Creating the user index.

# Since we are dealing with one single node in my example the replicas are set to 0
# if you had more than 1 node in the cluster the default for number of replicas is 1 
# and will actually put an exact replica of your data on the second node. The shards 
# by default is 5 and this basically how elasticsearch can quickly find your data by 
# sharding it out to multiple nodes. 

curl -XPUT http://localhost:9200/user?pretty=true -H 'Content-Type: application/json' -d '
{
    "settings" : {
        "index" : {
            "number_of_shards" : 5,
            "number_of_replicas" : 0
        }
    }
}
'

Create the mapping for the user index and type of profile.

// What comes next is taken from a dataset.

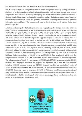 Part B Master Budgetyou Have Just Been Hired As A New Manage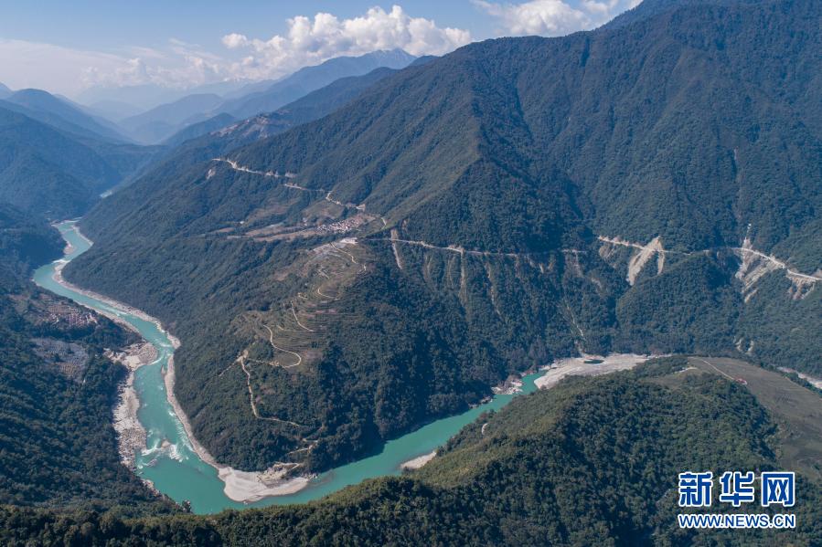 西藏林芝市墨脫縣德興鄉巴登則村位于雅魯藏布江邊的一座山上(2月9日攝,無人機照片)。新華社記者 孫非 攝

# Here it is important to note that some fields we are choosing to store. Why would 
# we store some and not others? Well the reason is because assuming your _source is 
# not disabled you can retrieve all of your data no matter what. Elasticsearch will 
# by default put your field in the _source. But if you enforce storing to true it will pull 
# the field in the index itself rather than the _source. This is only used for large 
# data sets where the cost of parsing the source is high. I'm only using this as an 
# example for you to let you know it's possible.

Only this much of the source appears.